Sounds good. There is nothing sensitive in DbTranImageStatus_pkey so if you decide you want it after all, it's there for the asking. Pete >>> Tom Lane <tgl@sss.pgh.pa.us> 04/13/06 3:30 am >>> Oh, never mind ... I've sussed it.
"Peter Brant" <Peter.Brant@wicourts.gov> writes: > It turns out we've been getting rather huge numbers of "Permission > denied" errors relating to fsync so perhaps it wasn't really a precursor > to the crash as I'd previously thought. > I've pasted in a complete list following this email covering the time > span from 3/20 to 4/6. The number in the first column is the number of > times the given log message appeared. Wow. What was happening to your pg_xlog directory while this was going on? I would expect that the system would plow ahead after this error, but having failed to complete the checkpoint, it would never be able to free any back WAL segments. Were you accumulating lots of gigabytes of WAL files? Or maybe the errors came and went, so that sometimes you could get through a checkpoint? > The interesting thing is that _none_ of the referenced relfilenode > numbers actually appear in the file system. Could they have been temporary tables? Alternatively, if you routinely use TRUNCATE, CLUSTER, or REINDEX (all of which assign new relfilenode numbers), then maybe they were older versions of tables that still exist. > - The file system is NTFS OK, anyone know anything about permissions on NTFS? regards, tom lane
The culprit is CLUSTER. There is a batch file which runs CLUSTER against six, relatively small (60k rows between them) tables at 7am, 1pm, and 9pm. Follows is the list of dates and hours when the "Permission denied" errors showed up.
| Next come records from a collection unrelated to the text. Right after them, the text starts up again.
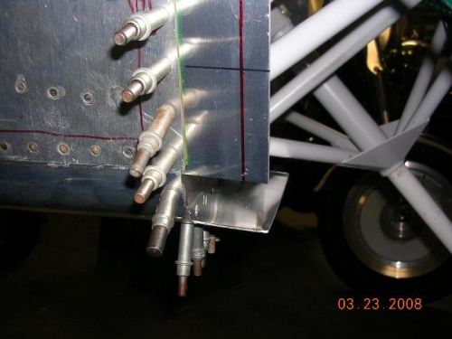 The top of the firewall has 14 places. They straddle the top dead center of the firewall and are placed 3 1/2 inches apart, except for the bottom most position which is 4 inches from the one above it. The reason for the 4 inch placement is to put the fastener as close as possible to the joint where the top and bottom cowl halfs meet.
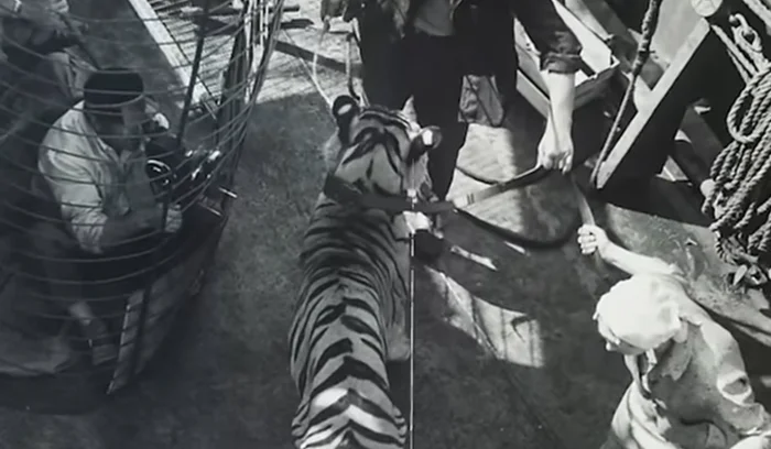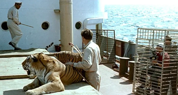 А вот сцену, когда тигры приплывают обратно на корабль, снимали уже не на Черном море, а в бассейне на студии "Ленфильм".
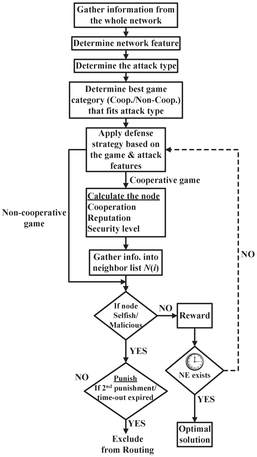 In this paper, we discuss a general trust model based on game theory to mitigate the WSNs security threats leading to detecting the malicious nodes and those nodes that act selfishly. Figure 3 illustrates the data flow of the general trust model in which the selected game is used to face the designated attack based on the observed information from the whole network. Apparently, this general system collects the needed information to select the best game that fits the detected attack and the mentioned classifications in Section 4. After this, the captured data are analyzed to pinpoint the network features, attack type, and appropriate defense strategy that will be applied, whether in a cooperative or non-cooperative game.

They match up to a tee (although the error apparently sometimes persists for a while). The machine is clean (basically just Windows + Postgres [no AV, firewall, etc. software]). Pete 2006-03-20 21 2006-03-21 07 2006-03-22 21 2006-03-23 21 2006-03-23 22 2006-03-24 13 2006-03-24 21 2006-03-24 22 2006-03-26 13 2006-03-27 13 2006-03-27 21 2006-03-27 22 2006-03-28 13 2006-03-28 21 2006-03-29 13 2006-03-29 21 2006-03-30 13 2006-03-30 14 2006-03-30 15 2006-03-30 21 2006-03-30 22 2006-03-31 07 2006-03-31 08 2006-03-31 09 2006-03-31 10 2006-03-31 11 2006-03-31 12 2006-03-31 13 2006-04-03 21 2006-04-04 07 2006-04-05 07 2006-04-05 21 >>> Tom Lane <tgl@sss.pgh.pa.us> 04/13/06 8:30 pm >>> > The interesting thing is that _none_ of the referenced relfilenode > numbers actually appear in the file system. Could they have been temporary tables? Alternatively, if you routinely use TRUNCATE, CLUSTER, or REINDEX (all of which assign new relfilenode numbers), then maybe they were older versions of tables that still exist.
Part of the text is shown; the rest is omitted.